Overturning the Court of Appeal decision, the Supreme Court found that the damage was covered by the policy even if the co-insurers had decided that the damage was due to a construction defect or structural cave-in (in particular a “defective handle on the door closing the autoclave”), on the grounds that the wording used in the policy was unclear.
The Supreme Court reasoned that in terms of insurance, indisputable clarity depends on the obligation on both parties to act in the utmost good faith: said doctrine was originally provided for by articles 1175 and 1375 of the Italian Civil Code, which were then supplemented with article 166 of the Italian Insurance Code (paragraph no. 1 : “contracts must be drafted in a clear and comprehensive manner” and paragraph no. 2 “Clauses laying down forfeitures, avoidance, limitations to cover or costs to be borne by the policyholder or insured party shall be shown in highlighted characters”).
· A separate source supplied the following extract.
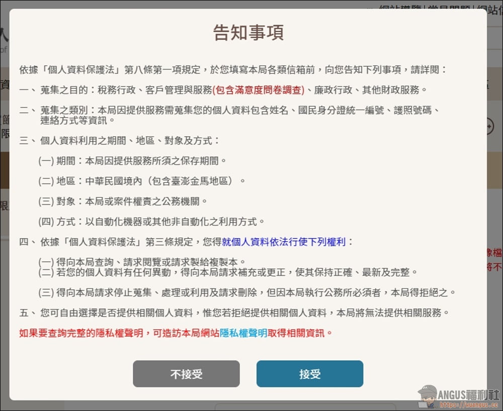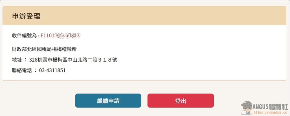 最後一個畫面就會看到「申請受理」視窗,這樣就代表真正的完成申請囉。

In the case at hand, the Supreme Court focused on the meaning of the word “excessive”. They sought to clarify that “the word “excess” from a formal logical perspective is a relative rather than absolute, concept. Nothing can be “excessive” per se; it may only be so in relation to something else, acting as a benchmark”. Therefore, according to the Supreme Court judges, “the contract did not establish in any way that the pressure was “excessive” if it was in excess of the maximum tolerated pressure by the machinery under normal use or if it could also mean the pressure that could “tear” (to use the policy wording) a defective machine”.
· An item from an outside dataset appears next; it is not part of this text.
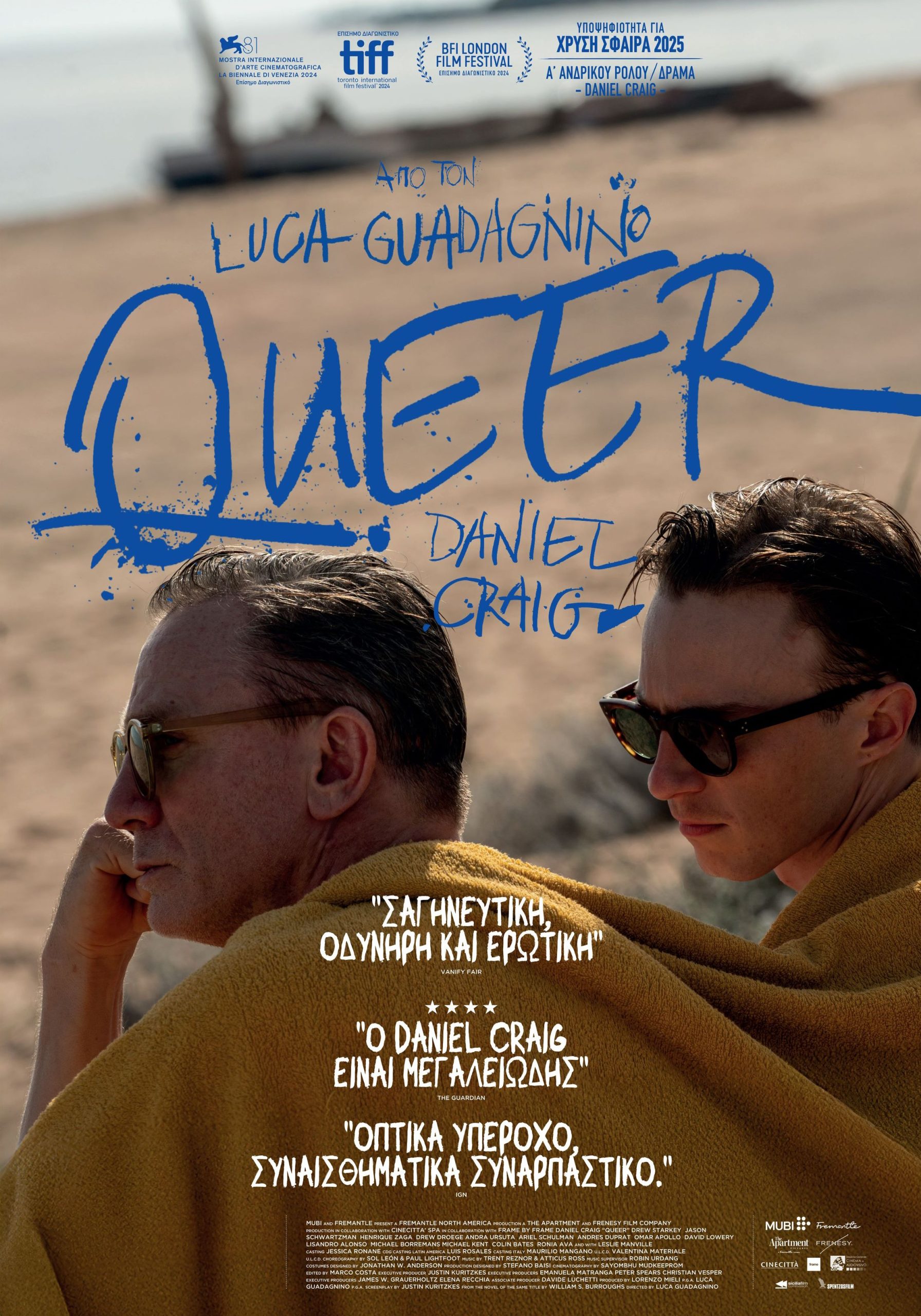 Ο Λούκα Γκουαντανίνο μεταφέρει στη μεγάλη οθόνη το ατελές αλλά εκρηκτικά ειλικρινές μυθιστόρημα του Γουίλιαμ Μπάροουζ, ακολουθώντας τον πρωταγωνιστή του (Daniel Craig) σε μια γεμάτη πόθο, εξάρτηση και αμφιθυμία περιπλάνηση στην Κεντρική Αμερική της δεκαετίας του ’50. Το Queer αποτελεί μια ταινία-ομολογία, μια κατάδυση στην τρωτότητα και την ανάγκη για επαφή, που αναδεικνύει την ένταση μεταξύ μοναξιάς και επιθυμίας, συνεχίζοντας την πορεία του Γκουαντανίνο στη διερεύνηση των πιο μύχιων εκφάνσεων της ανθρώπινης εμπειρίας.

Therefore, the Supreme Court ordered the insurers to cover the claimed damage.
To conclude, the main principle expressed by the Italian Supreme Court was that if insurance companies unilaterally provide policies which use unclear or ambiguous language, then under no circumstances should the insured suffer the consequences of any flawed drafting.
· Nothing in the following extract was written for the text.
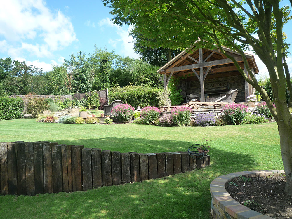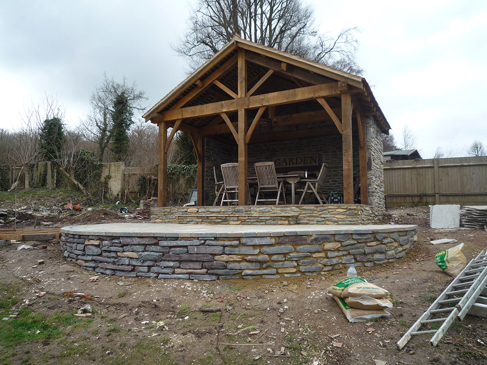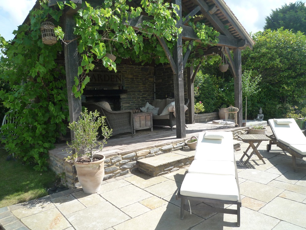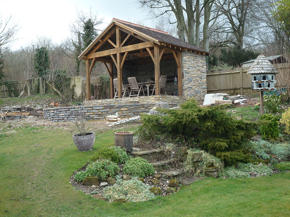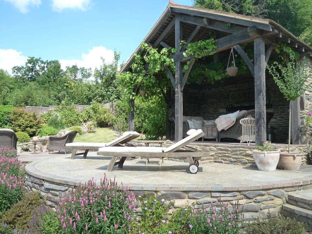 The oak gazebo is clad with an attractive man made material from Fossil Stone www.fossil-stone.co.uk that imitates a dry stone wall. The flooring is Timberstone, a concrete product from Stonemarket www.stonemarket.co.uk resembling old sleepers, but which is more practical and gives a suitably rustic look.

As a consequence, according to this decision, any ambiguous clause, unilaterally drafted by the insurer, is to be interpreted to the benefit of the insured.
Although that principle is comprehensible, in our opinion, it must not go beyond the grammatical meaning and go against the meaning of the contractual wording. If the scope of risk is clearly identified, and is written using clear and comprehensible language, it should always be valid.
In this particular case, the term “excessive pressure” should have been interpreted as it was by the insurers, namely as “excessive pressure” compared to the “ordinary” pressure deemed acceptable by the autoclave manufacturer. This is without prejudice to being able to pursue action against the manufacturer.
In conclusion, in light of this latest case law, a simple suggestion for insurance companies doing business in Italy is that they pay close attention to their policy language. We recommend that insurers check that the language in their policies is clear and precise, not just from a grammatical standpoint, in order to avoid claims that any limits are unenforceable. The assistance of local experts in insurance law might be necessary. Insurers should avoid all wording that is generic and ambiguous, and should focus on providing all the necessary additional information required by law, which is clear and precise and is required by policy holders to understand the contents of the policy.
1Supreme Court, Civil Section no. III, judgement no. 668 dated 18 January 2016.